[TASK INSTRUCTIONS] Return exactly the span of lines in the following data that opens with the line containing "From there, keep" and closes with the line containing "風が冷たく、最高気温も7度と". Include nothing else.

[DATA TO EXAMINE]
◇ ◇ ◇
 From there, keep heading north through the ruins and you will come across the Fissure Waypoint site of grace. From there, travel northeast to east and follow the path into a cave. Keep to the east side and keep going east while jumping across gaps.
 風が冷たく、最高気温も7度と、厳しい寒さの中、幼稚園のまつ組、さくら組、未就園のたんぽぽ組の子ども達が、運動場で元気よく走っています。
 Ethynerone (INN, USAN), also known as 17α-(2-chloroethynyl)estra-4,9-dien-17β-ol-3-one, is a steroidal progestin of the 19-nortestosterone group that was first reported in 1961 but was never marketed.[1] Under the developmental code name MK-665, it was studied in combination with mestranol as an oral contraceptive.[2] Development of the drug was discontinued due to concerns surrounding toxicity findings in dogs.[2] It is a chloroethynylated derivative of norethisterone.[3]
◇ ◇ ◇
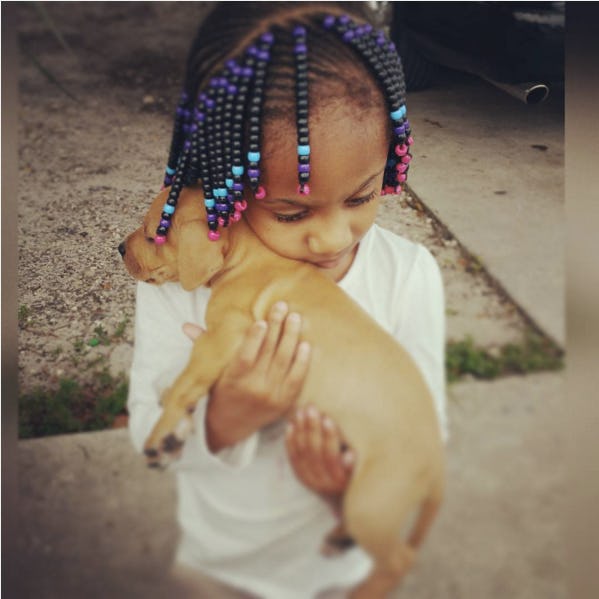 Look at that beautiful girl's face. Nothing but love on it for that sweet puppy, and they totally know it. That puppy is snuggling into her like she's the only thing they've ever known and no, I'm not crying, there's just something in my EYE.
◇ ◇ ◇
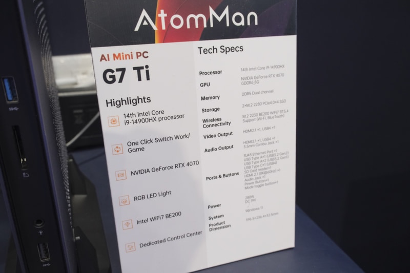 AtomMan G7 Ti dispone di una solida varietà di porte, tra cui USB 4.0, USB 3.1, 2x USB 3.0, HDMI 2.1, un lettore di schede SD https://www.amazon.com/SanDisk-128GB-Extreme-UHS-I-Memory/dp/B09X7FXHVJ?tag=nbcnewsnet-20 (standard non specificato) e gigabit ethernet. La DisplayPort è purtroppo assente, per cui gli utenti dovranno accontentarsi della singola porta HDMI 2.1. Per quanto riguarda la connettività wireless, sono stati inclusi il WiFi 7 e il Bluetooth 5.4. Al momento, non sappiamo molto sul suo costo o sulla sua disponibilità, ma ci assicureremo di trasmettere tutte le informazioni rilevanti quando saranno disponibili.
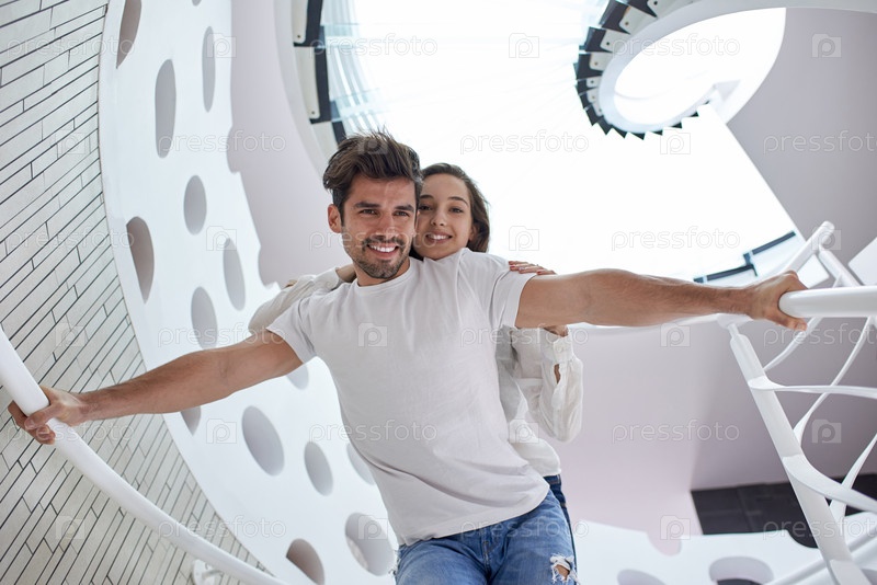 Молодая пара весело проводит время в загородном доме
◇ ◇ ◇
[WRITTEN ANSWER]
 From there, keep heading north through the ruins and you will come across the Fissure Waypoint site of grace. From there, travel northeast to east and follow the path into a cave. Keep to the east side and keep going east while jumping across gaps.
 風が冷たく、最高気温も7度と、厳しい寒さの中、幼稚園のまつ組、さくら組、未就園のたんぽぽ組の子ども達が、運動場で元気よく走っています。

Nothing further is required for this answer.